*Problem*: Set down exactly the lines in the records below that run from the line with "The Acefast M17 10,000mAh" to the line with "This captivating, one-of-a-kind", inclusive, and nothing more.

*Provided material*:
........

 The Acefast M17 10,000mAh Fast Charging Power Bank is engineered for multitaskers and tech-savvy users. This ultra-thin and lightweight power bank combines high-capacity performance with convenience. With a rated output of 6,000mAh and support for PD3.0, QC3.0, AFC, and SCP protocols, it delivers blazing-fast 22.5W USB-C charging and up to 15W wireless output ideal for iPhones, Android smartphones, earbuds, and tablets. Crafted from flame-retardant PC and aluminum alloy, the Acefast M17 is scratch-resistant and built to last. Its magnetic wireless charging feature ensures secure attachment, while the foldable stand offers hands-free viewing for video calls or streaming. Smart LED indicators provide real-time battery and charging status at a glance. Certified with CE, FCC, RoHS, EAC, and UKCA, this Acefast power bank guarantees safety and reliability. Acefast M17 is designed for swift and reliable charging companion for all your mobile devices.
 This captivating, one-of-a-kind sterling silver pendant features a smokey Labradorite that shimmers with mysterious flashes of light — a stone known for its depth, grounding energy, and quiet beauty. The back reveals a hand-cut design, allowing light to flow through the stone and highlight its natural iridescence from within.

........

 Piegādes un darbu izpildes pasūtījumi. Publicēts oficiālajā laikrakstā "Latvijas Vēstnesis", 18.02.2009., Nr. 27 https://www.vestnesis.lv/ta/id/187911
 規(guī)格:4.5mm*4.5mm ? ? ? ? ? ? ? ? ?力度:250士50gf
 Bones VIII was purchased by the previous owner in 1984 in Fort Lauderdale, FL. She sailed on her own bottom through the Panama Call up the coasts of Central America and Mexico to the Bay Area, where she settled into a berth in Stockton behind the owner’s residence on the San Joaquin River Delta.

........

*Response box*:
 The Acefast M17 10,000mAh Fast Charging Power Bank is engineered for multitaskers and tech-savvy users. This ultra-thin and lightweight power bank combines high-capacity performance with convenience. With a rated output of 6,000mAh and support for PD3.0, QC3.0, AFC, and SCP protocols, it delivers blazing-fast 22.5W USB-C charging and up to 15W wireless output ideal for iPhones, Android smartphones, earbuds, and tablets. Crafted from flame-retardant PC and aluminum alloy, the Acefast M17 is scratch-resistant and built to last. Its magnetic wireless charging feature ensures secure attachment, while the foldable stand offers hands-free viewing for video calls or streaming. Smart LED indicators provide real-time battery and charging status at a glance. Certified with CE, FCC, RoHS, EAC, and UKCA, this Acefast power bank guarantees safety and reliability. Acefast M17 is designed for swift and reliable charging companion for all your mobile devices.
 This captivating, one-of-a-kind sterling silver pendant features a smokey Labradorite that shimmers with mysterious flashes of light — a stone known for its depth, grounding energy, and quiet beauty. The back reveals a hand-cut design, allowing light to flow through the stone and highlight its natural iridescence from within.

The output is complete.